“Don’t Settle For A Job That You Know You Will Not Like.”

Lisa Treat works as an Administrative Assistant for the Chief Medical Officer at a Military Treatment Facility.

NextGen MilSpouse is going beyond traditional career tips and tricks for military spouses! We are sharing the real stories of working military spouses (just like you!) and their professional success stories on Wednesdays.

Lisa Treat works as an Administrative Assistant for the Chief Medical Officer at a Military Treatment Facility.

Name: Lisa Treat

Years as a military spouse:

4

Tell us your profession:

Administrative Assistant at a Military Treatment Facility (on-base hospital) for the Chief Medical Officer.

I am really a jack of all trades at this point. I manage and control all incoming and outgoing correspondence to make sure it is in accordance with Army rules and regulations. I prepare policies and procedures for specific departments to adhere too. Make travel arrangements for individuals in my section.

Is this full-time, part-time, hourly, contract or freelance work?

Full-time

How long have you been working in this career field?

8 years

Do you work in an office, telecommute from home (or Starbucks), or a little bit of both?

Office

Tell us one thing you love about your job.

I love working with the military personnel and civilians alike. There is constant change and new people coming in to meet. Also, a new challenge and different things to learn with the Army.

How did you get this position? Was it a resume, referral, job fair? Spill your magic.

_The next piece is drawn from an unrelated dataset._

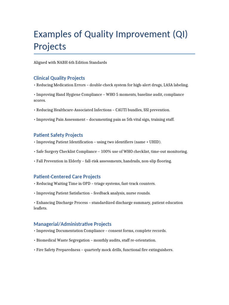 10 Quality Improvement Project Examples for Enhanced Patient Care ...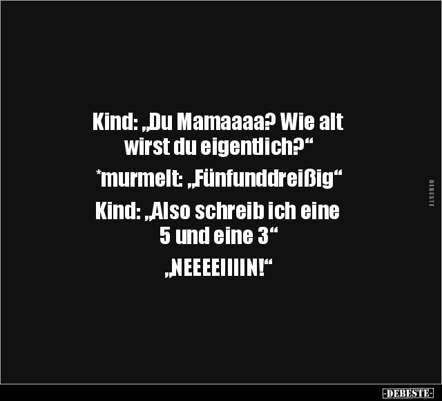 Kind: „Du Mamaaaa? Wie alt wirst du eigentlich?“ *murmelt: „Fünfunddreißig“ Kind: „Also schreib ich eine 5 und eine 3“ „NEEEEIIIIN!“

I applied through usajobs.gov with my resume and help from the on-base civilian office. Little known fact is that there is a huge difference between a civilian and military resume.

What is your No. 1 tip for a military spouse on the hunt for a job?

Be consistent and make sure to talk to the civilian services on your post to receive your preferences within the first 18 months of PCSing.

How do you feel about failure?

I hate it and I am a very persistent person so I normally find a compromise for myself so I don’t feel like a failure.

What’s the biggest challenge you’ve faced while trying to maintain a career while living the military lifestyle?

Trying to explain how I can be an asset to a company/organization within the window that I am there.

Also, not really knowing how long we will be in one place is always an interesting conversation too.

What is the best piece of career advice you’ve ever received?

Don’t settle for a job that you know you will not like. It’s not good for your self esteem and it’s not good for that company either.

I took a job once that I knew was too slow-paced for me but I need to get out of the house so I took it. After a few weeks I spoke to the owner who then told me that she knew I was too high-speed for her company and respected me wanting to move on.

Who is in your support squad?

My husband, my parents, brothers, friends near and far, and my three daughters.

Do you and your spouse or partner split household tasks? How do you do it?

Yes and no. He deploys frequently on short missions so it comes a point that it’s just easier if I do it. I have enlisted the help of my children for “chores.”

Share your best life-hack for saving time or sanity during the work week.

Best life-hack (that I don’t follow enough) pre-make my lunches, pre-pack my workout bag, or generally do as much as you can the night before.

Tell us one piece of tech you couldn’t live without that isn’t your phone.

Netflix for my sanity and my kids’ sanity; we do not have cable and they have done a great job on the Kids Netflix of promoting educational shows.

What’s your must-have song on your productivity playlist?

Anything from 90s Country

If you had an extra hour in your day, what would you do?

I would get more into woodworking projects. That is one hobby that I have found an interest in that I never have time to practice.

If you were a superhero, what would be your super power?

To just twitch my nose (like Samantha on “Bewitched”) and have my house clean! I have hired housekeepers before and didn’t think they did a good enough job so I have stopped and went back to doing it on my own.